==== Data provided ====

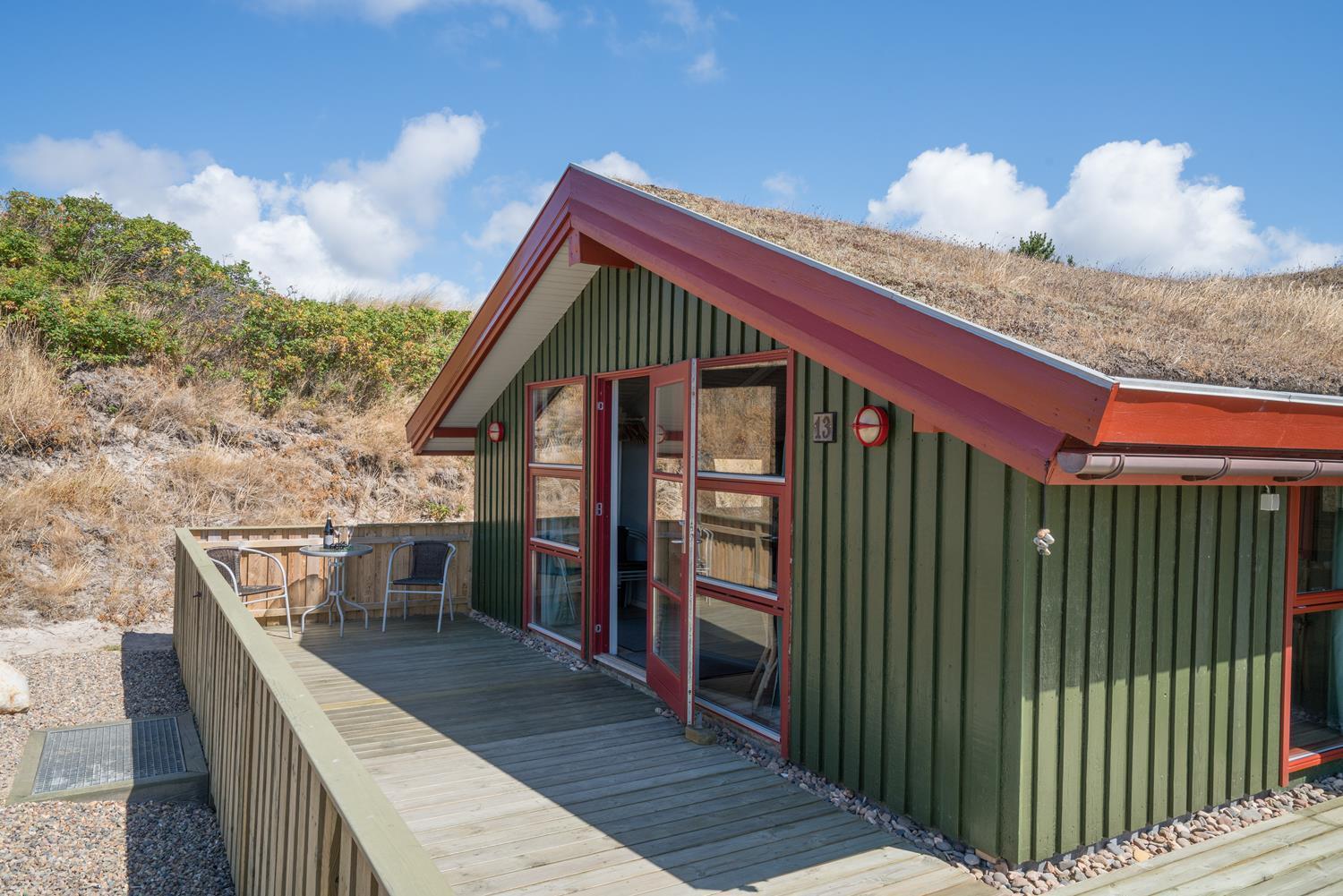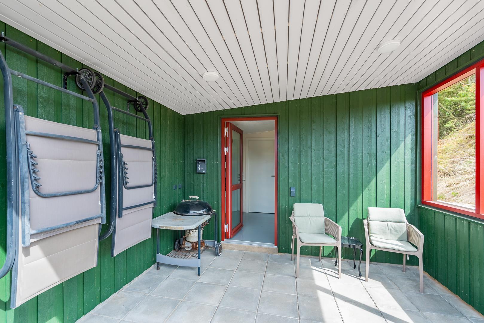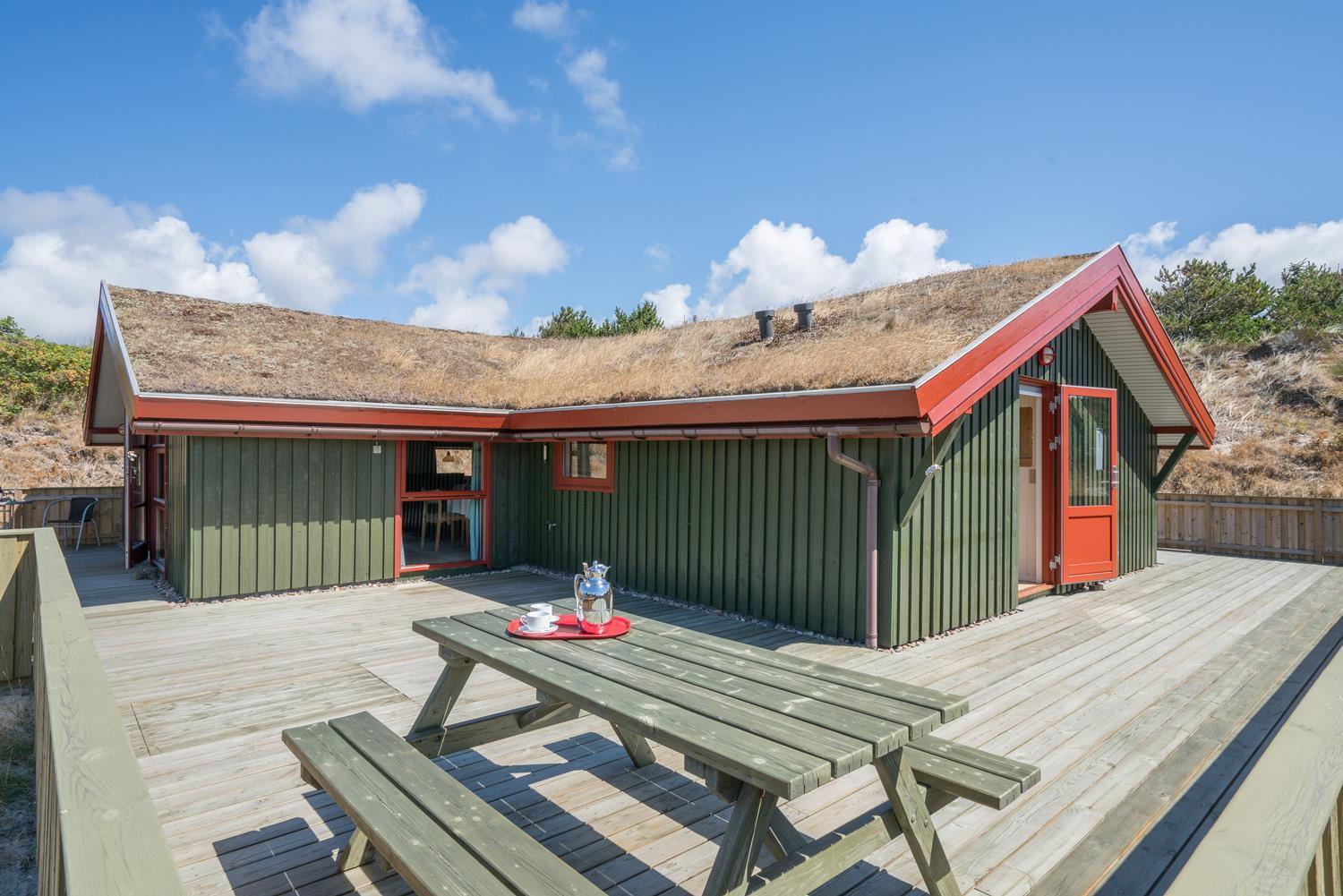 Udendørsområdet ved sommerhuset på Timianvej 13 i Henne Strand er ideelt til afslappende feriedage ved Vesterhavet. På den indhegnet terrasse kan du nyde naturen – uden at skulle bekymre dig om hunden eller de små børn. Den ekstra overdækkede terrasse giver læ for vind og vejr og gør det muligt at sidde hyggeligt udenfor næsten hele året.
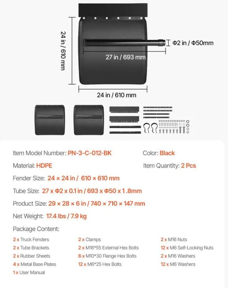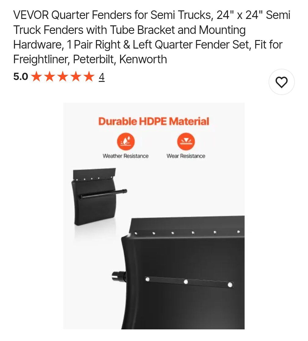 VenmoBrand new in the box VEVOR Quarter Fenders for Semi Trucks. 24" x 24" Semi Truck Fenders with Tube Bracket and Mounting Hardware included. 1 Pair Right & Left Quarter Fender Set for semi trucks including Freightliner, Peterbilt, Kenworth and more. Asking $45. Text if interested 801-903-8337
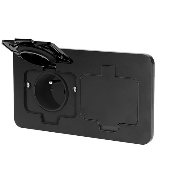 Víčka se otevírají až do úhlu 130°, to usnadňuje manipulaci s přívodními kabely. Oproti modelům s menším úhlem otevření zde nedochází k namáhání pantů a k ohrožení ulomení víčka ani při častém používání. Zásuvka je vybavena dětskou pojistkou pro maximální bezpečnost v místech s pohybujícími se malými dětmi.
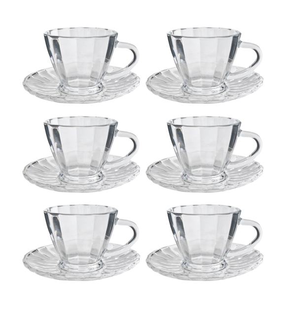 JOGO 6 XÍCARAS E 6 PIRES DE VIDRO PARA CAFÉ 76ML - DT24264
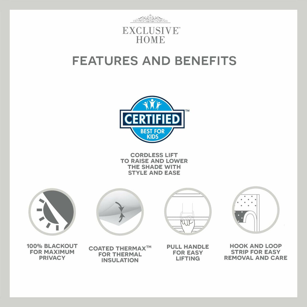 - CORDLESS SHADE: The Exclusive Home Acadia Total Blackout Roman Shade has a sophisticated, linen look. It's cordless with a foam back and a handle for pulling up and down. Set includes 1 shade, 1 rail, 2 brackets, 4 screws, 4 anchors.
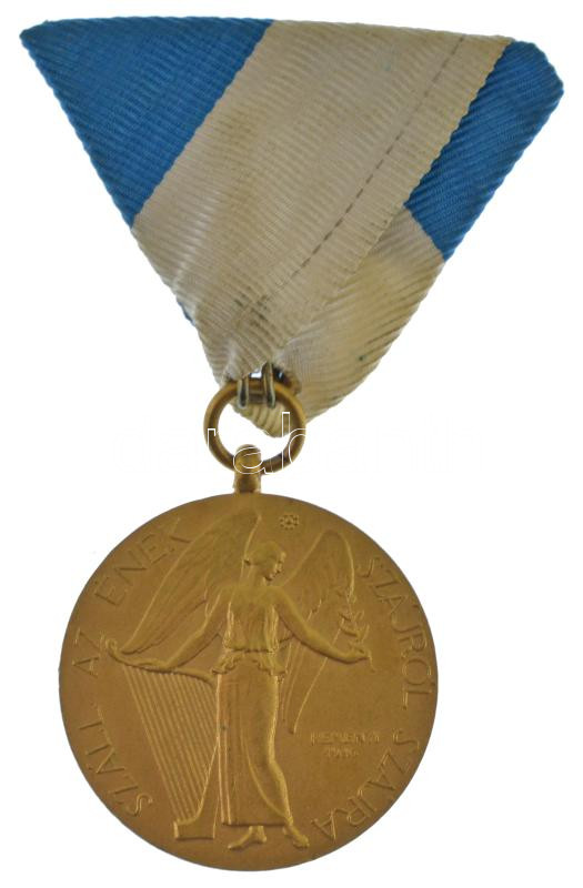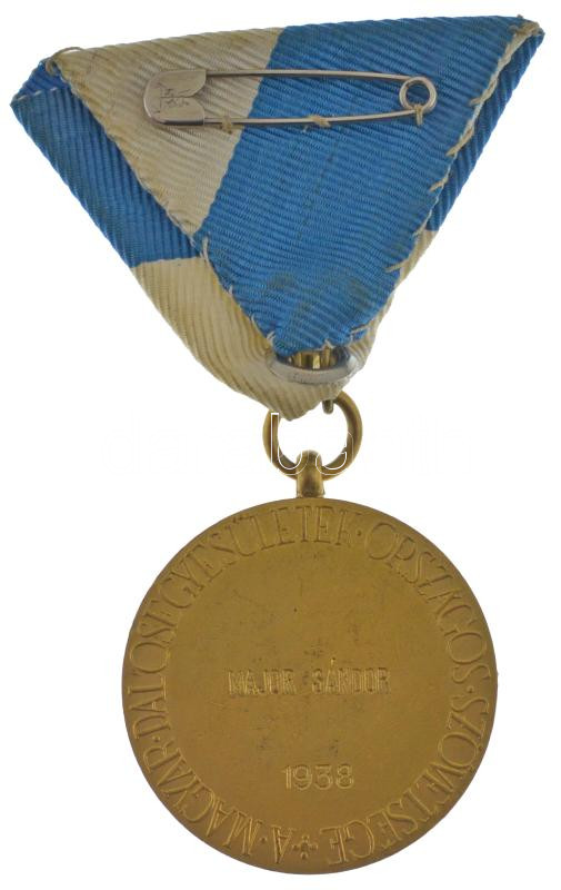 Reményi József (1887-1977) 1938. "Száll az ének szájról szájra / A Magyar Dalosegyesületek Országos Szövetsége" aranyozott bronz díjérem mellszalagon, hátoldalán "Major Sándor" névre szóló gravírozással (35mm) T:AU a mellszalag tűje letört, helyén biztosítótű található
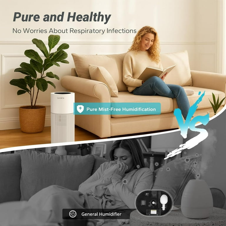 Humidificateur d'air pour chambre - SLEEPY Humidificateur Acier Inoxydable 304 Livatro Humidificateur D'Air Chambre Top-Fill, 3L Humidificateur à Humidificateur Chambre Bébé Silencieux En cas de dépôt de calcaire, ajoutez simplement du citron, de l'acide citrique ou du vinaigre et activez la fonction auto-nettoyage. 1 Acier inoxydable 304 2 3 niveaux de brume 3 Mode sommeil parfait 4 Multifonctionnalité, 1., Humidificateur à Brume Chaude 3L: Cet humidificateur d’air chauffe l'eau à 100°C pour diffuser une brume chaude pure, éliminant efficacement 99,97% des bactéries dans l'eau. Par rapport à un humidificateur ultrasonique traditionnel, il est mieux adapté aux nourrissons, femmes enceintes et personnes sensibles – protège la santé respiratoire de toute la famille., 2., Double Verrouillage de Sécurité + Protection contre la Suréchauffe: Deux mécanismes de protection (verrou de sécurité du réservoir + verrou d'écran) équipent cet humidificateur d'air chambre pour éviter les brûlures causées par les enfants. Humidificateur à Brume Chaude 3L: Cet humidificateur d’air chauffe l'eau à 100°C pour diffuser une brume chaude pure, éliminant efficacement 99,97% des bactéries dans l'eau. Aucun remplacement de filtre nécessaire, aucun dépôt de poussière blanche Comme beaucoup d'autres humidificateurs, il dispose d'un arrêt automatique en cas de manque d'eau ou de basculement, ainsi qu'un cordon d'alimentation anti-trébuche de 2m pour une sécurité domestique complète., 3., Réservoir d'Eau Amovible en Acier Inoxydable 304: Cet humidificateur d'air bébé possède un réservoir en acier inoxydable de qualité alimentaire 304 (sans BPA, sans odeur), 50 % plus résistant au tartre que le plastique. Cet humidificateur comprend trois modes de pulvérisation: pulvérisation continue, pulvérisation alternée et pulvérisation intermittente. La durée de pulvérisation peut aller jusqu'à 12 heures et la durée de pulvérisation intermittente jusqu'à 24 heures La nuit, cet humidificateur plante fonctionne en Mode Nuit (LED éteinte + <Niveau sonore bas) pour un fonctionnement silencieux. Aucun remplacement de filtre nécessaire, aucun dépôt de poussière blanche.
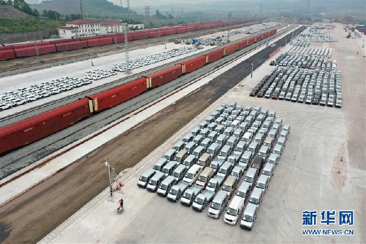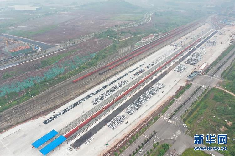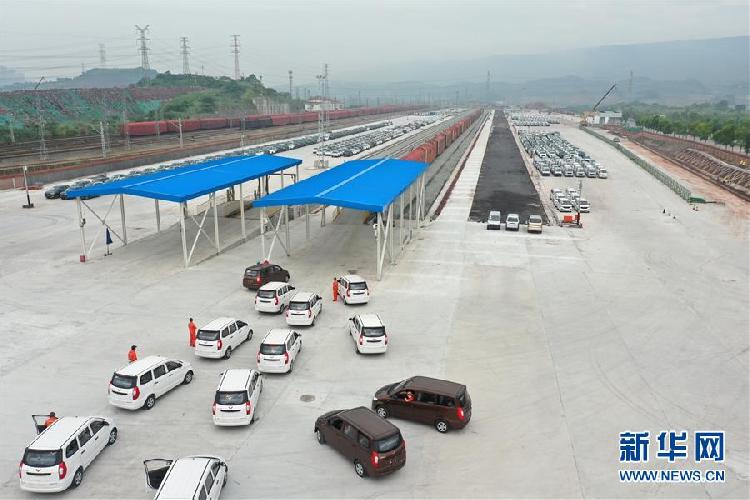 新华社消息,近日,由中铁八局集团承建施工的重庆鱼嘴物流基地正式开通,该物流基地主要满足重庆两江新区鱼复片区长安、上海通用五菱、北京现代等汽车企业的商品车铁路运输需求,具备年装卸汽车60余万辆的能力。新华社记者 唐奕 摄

====

■ **What needs to be done**
Any pictures above are to be left out. Retype the rest of the records exactly.

■ **Output**
 Udendørsområdet ved sommerhuset på Timianvej 13 i Henne Strand er ideelt til afslappende feriedage ved Vesterhavet. På den indhegnet terrasse kan du nyde naturen – uden at skulle bekymre dig om hunden eller de små børn. Den ekstra overdækkede terrasse giver læ for vind og vejr og gør det muligt at sidde hyggeligt udenfor næsten hele året.
 VenmoBrand new in the box VEVOR Quarter Fenders for Semi Trucks. 24" x 24" Semi Truck Fenders with Tube Bracket and Mounting Hardware included. 1 Pair Right & Left Quarter Fender Set for semi trucks including Freightliner, Peterbilt, Kenworth and more. Asking $45. Text if interested 801-903-8337
 Víčka se otevírají až do úhlu 130°, to usnadňuje manipulaci s přívodními kabely. Oproti modelům s menším úhlem otevření zde nedochází k namáhání pantů a k ohrožení ulomení víčka ani při častém používání. Zásuvka je vybavena dětskou pojistkou pro maximální bezpečnost v místech s pohybujícími se malými dětmi.
 JOGO 6 XÍCARAS E 6 PIRES DE VIDRO PARA CAFÉ 76ML - DT24264
 - CORDLESS SHADE: The Exclusive Home Acadia Total Blackout Roman Shade has a sophisticated, linen look. It's cordless with a foam back and a handle for pulling up and down. Set includes 1 shade, 1 rail, 2 brackets, 4 screws, 4 anchors.
 Reményi József (1887-1977) 1938. "Száll az ének szájról szájra / A Magyar Dalosegyesületek Országos Szövetsége" aranyozott bronz díjérem mellszalagon, hátoldalán "Major Sándor" névre szóló gravírozással (35mm) T:AU a mellszalag tűje letört, helyén biztosítótű található
 Humidificateur d'air pour chambre - SLEEPY Humidificateur Acier Inoxydable 304 Livatro Humidificateur D'Air Chambre Top-Fill, 3L Humidificateur à Humidificateur Chambre Bébé Silencieux En cas de dépôt de calcaire, ajoutez simplement du citron, de l'acide citrique ou du vinaigre et activez la fonction auto-nettoyage. 1 Acier inoxydable 304 2 3 niveaux de brume 3 Mode sommeil parfait 4 Multifonctionnalité, 1., Humidificateur à Brume Chaude 3L: Cet humidificateur d’air chauffe l'eau à 100°C pour diffuser une brume chaude pure, éliminant efficacement 99,97% des bactéries dans l'eau. Par rapport à un humidificateur ultrasonique traditionnel, il est mieux adapté aux nourrissons, femmes enceintes et personnes sensibles – protège la santé respiratoire de toute la famille., 2., Double Verrouillage de Sécurité + Protection contre la Suréchauffe: Deux mécanismes de protection (verrou de sécurité du réservoir + verrou d'écran) équipent cet humidificateur d'air chambre pour éviter les brûlures causées par les enfants. Humidificateur à Brume Chaude 3L: Cet humidificateur d’air chauffe l'eau à 100°C pour diffuser une brume chaude pure, éliminant efficacement 99,97% des bactéries dans l'eau. Aucun remplacement de filtre nécessaire, aucun dépôt de poussière blanche Comme beaucoup d'autres humidificateurs, il dispose d'un arrêt automatique en cas de manque d'eau ou de basculement, ainsi qu'un cordon d'alimentation anti-trébuche de 2m pour une sécurité domestique complète., 3., Réservoir d'Eau Amovible en Acier Inoxydable 304: Cet humidificateur d'air bébé possède un réservoir en acier inoxydable de qualité alimentaire 304 (sans BPA, sans odeur), 50 % plus résistant au tartre que le plastique. Cet humidificateur comprend trois modes de pulvérisation: pulvérisation continue, pulvérisation alternée et pulvérisation intermittente. La durée de pulvérisation peut aller jusqu'à 12 heures et la durée de pulvérisation intermittente jusqu'à 24 heures La nuit, cet humidificateur plante fonctionne en Mode Nuit (LED éteinte + <Niveau sonore bas) pour un fonctionnement silencieux. Aucun remplacement de filtre nécessaire, aucun dépôt de poussière blanche.
 新华社消息,近日,由中铁八局集团承建施工的重庆鱼嘴物流基地正式开通,该物流基地主要满足重庆两江新区鱼复片区长安、上海通用五菱、北京现代等汽车企业的商品车铁路运输需求,具备年装卸汽车60余万辆的能力。新华社记者 唐奕 摄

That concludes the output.